### DATA FOR REVIEW
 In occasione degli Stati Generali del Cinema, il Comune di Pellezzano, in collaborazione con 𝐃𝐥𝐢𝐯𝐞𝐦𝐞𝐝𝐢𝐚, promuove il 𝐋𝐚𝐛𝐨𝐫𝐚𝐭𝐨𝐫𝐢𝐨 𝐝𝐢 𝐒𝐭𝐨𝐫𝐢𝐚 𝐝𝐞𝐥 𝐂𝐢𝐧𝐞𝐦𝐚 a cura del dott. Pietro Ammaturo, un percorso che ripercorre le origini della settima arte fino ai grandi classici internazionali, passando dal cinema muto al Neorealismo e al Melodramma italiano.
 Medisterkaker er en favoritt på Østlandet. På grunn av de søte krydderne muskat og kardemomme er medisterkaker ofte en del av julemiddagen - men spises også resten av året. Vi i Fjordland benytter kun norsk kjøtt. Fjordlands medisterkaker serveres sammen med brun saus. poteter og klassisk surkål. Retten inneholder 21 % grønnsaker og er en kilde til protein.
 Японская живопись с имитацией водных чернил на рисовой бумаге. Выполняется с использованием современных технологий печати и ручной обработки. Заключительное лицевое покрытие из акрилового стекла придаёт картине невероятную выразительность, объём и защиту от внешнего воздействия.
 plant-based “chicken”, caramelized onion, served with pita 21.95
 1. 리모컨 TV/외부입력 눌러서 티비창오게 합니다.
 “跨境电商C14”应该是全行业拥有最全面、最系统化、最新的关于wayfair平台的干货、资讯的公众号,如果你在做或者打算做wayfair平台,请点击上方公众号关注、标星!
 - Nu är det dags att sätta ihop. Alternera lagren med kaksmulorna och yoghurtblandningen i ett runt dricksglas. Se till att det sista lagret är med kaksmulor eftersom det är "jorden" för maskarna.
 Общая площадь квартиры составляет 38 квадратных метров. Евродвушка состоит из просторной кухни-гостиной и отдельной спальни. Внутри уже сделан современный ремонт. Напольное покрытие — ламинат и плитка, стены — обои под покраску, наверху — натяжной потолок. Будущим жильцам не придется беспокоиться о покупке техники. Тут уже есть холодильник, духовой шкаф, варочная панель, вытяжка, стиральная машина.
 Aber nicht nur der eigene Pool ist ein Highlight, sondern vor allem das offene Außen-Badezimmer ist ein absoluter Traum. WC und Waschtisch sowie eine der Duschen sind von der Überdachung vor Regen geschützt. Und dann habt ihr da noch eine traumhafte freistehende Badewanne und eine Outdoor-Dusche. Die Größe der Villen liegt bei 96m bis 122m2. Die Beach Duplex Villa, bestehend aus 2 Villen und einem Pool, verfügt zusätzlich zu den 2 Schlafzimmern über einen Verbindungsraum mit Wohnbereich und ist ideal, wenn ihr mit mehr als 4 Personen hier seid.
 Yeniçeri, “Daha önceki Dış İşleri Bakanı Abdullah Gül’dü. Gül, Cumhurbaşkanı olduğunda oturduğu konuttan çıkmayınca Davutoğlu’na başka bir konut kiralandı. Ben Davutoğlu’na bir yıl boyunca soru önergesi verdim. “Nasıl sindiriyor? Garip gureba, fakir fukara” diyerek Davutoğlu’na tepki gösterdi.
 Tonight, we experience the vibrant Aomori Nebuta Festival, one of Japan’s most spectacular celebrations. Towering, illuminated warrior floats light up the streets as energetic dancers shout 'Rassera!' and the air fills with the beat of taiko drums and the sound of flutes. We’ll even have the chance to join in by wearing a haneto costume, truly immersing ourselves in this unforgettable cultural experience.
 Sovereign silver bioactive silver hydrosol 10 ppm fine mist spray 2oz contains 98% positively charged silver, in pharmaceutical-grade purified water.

### WHAT IS REQUIRED
Please return exactly the lines from the first line of the material through the one with "Medisterkaker er en", and no lines after it.

### PROBLEM SOLUTION
 In occasione degli Stati Generali del Cinema, il Comune di Pellezzano, in collaborazione con 𝐃𝐥𝐢𝐯𝐞𝐦𝐞𝐝𝐢𝐚, promuove il 𝐋𝐚𝐛𝐨𝐫𝐚𝐭𝐨𝐫𝐢𝐨 𝐝𝐢 𝐒𝐭𝐨𝐫𝐢𝐚 𝐝𝐞𝐥 𝐂𝐢𝐧𝐞𝐦𝐚 a cura del dott. Pietro Ammaturo, un percorso che ripercorre le origini della settima arte fino ai grandi classici internazionali, passando dal cinema muto al Neorealismo e al Melodramma italiano.
 Medisterkaker er en favoritt på Østlandet. På grunn av de søte krydderne muskat og kardemomme er medisterkaker ofte en del av julemiddagen - men spises også resten av året. Vi i Fjordland benytter kun norsk kjøtt. Fjordlands medisterkaker serveres sammen med brun saus. poteter og klassisk surkål. Retten inneholder 21 % grønnsaker og er en kilde til protein.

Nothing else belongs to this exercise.